Kementan Bongkar Praktik Beras Premium Oplosan, Ini Alasannya
Menteri Pertanian Andi Amran Sulaiman Menegaskan Pentingnya Registrasi Produk Beras untuk Melindungi Konsumen dan Meningkatkan Kepastian Usaha dan Daya Saing Pangan Segar Asal Tumbuhan

Kementan Bongkar Praktik Beras Premium Oplosan, Ini Alasannya

Pilarpertanian - Kementerian Pertanian (Kementan) kembali menegaskan pentingnya registrasi produk beras menyusul terungkapnya praktik pengoplosan beras premium dengan kualitas rendah. Praktik curang ini dinilai merugikan konsumen sekaligus mencoreng tata niaga pangan nasional.


Hasil investigasi Kementan bersama tim pengawasan pangan di sejumlah wilayah menemukan beras bermerek dijual dengan harga premium, namun isinya ternyata campuran dengan beras medium atau tidak sesuai standar mutu beras premium. Kasus ini menjadi sorotan publik karena sangat merugikan masyarakat dan petani.


Menteri Pertanian (Mentan) Andi Amran Sulaiman menegaskan tidak akan memberi toleransi terhadap pelaku pengoplosan. “Kami akan menindak tegas praktik seperti ini. Ini adalah bentuk pengkhianatan terhadap petani, konsumen, dan juga semangat swasembada pangan,” tegas Mentan Amran.


Sesuai standar mutu beras yang diatur dalam Standar Nasional Indonesia (SNI) 6128:2020, beras premium berkadar air maksimal 14 persen, butir kepala minimal 85 persen dan butir patah maksimal 14,5 persen.

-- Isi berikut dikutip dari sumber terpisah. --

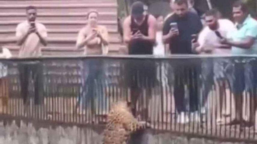 Em uma das imagens, a onça estende as patas para fora da grade de proteção, levando uma mãe a afastar uma criança do local. Fontes anônimas mencionam que os animais no zoológico estão ansiosos, alegando que a alimentação tem sido limitada.
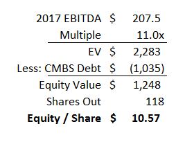 On a PF basis (with a fully loaded standalone cost structure and adjusted for the new external management contract), CorePoint earned ~$207m in Adj. EBITDA in 2017. While CorePoint will be unique in its focus (it’ll focus on midscale and upper-midscale select service hotels; most peers are higher end and tend to be full service focused), both peer multiples (CLDT, HT, INN, and RLJ are the best peers) and individual La Quinta hotel transactions suggest CorePoint should be worth at least 11x EBITDA. With 118m shares out and the company taking out a $1,035m CMBS loan as part of the transaction, we can come up with a loose valuation.
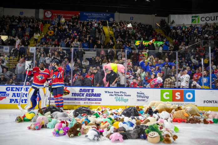 First introduced during the Thunderbirds’ inaugural season in 2016, the Teddy Bear Toss has now provided more than 40,000 stuffed animals to local charities, remaining one of the organization’s signature community initiatives and one of the most beloved holiday traditions in the Greater Springfield area.

Tak hanya di SNI, peraturan mutu beras juga turut diperkuat oleh peraturan Badan Pangan Nasional Nomor 2 Tahun 2023 tentang Persyaratan Mutu dan Label Beras, serta Peraturan Menteri Pertanian Nomor 31/PERMENTAN/PP.130/8/2017 tentang Kelas Mutu Beras.


“Sangat kami sayangkan, sejumlah perusahaan besar justru terindikasi tidak mematuhi standar mutu yang telah ditetapkan. Masyarakat membeli beras premium dengan harapan kualitasnya sesuai standar, tetapi kenyataannya tidak demikian. Kalau diibaratkan, ini seperti membeli emas 24 karat namun yang diterima ternyata hanya emas 18 karat,” ujar Mentan Amran.

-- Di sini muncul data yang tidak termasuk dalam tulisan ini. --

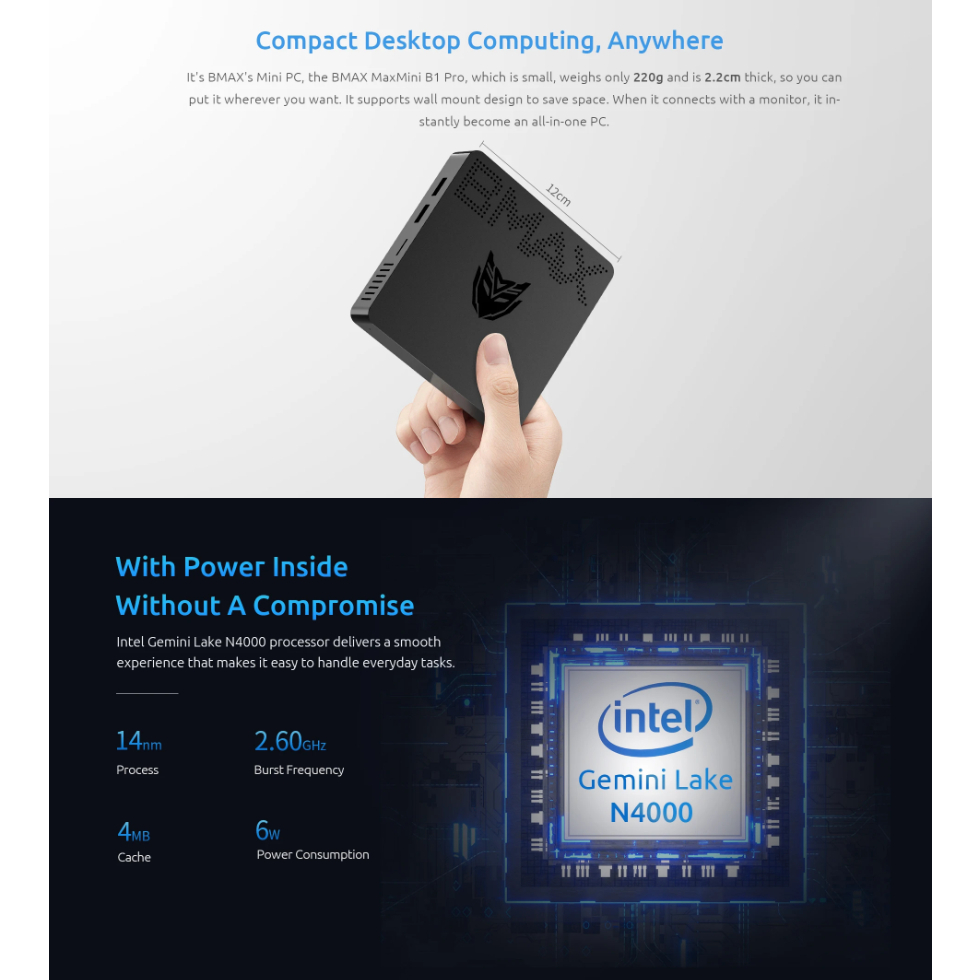 BARIA Mini PC BMAX B1 PRO 8/128GB Intel N4000 Windows 11 Pro

Registrasi produk beras sendiri diatur dalam Peraturan Menteri Pertanian (Permentan) Nomor 53/Permentan/KR.040/12/2018 tentang Keamanan dan Mutu Pangan Segar Asal Tumbuhan (PSAT). Pasal 2 menyebutkan, registrasi bertujuan melindungi konsumen serta meningkatkan kepastian usaha dan daya saing pangan segar asal tumbuhan.

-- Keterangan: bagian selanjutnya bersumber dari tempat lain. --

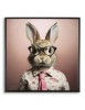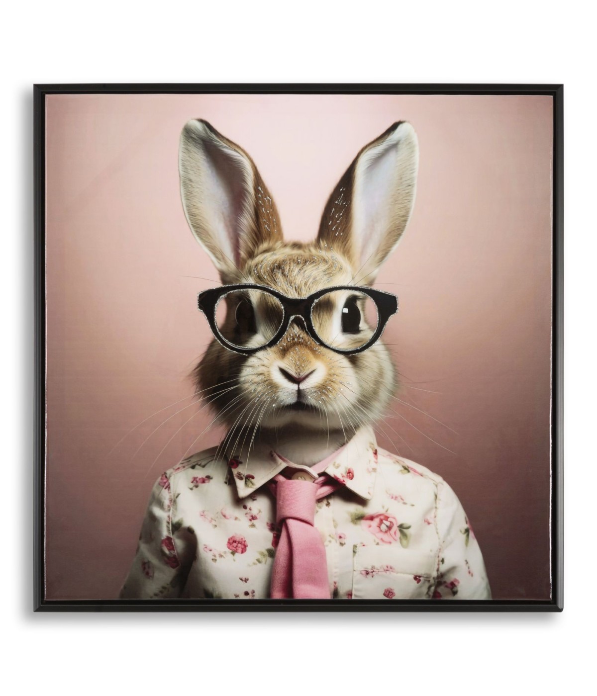 Dipinto su tela dai toni rosa con telaio in legno e cornice in metallo, coniglio con occhiali, perfetto per un tocco di originalità. Con applicazioni in rilievo.

Sesuai regulasi tersebut, pelaku usaha yang mengemas PSAT untuk diperdagangkan wajib mencantumkan label pada kemasan. Label minimal harus memuat nomor pendaftaran, nama produk, berat bersih atau isi bersih, serta nama dan alamat pihak yang memproduksi atau mengimpor PSAT ke Indonesia.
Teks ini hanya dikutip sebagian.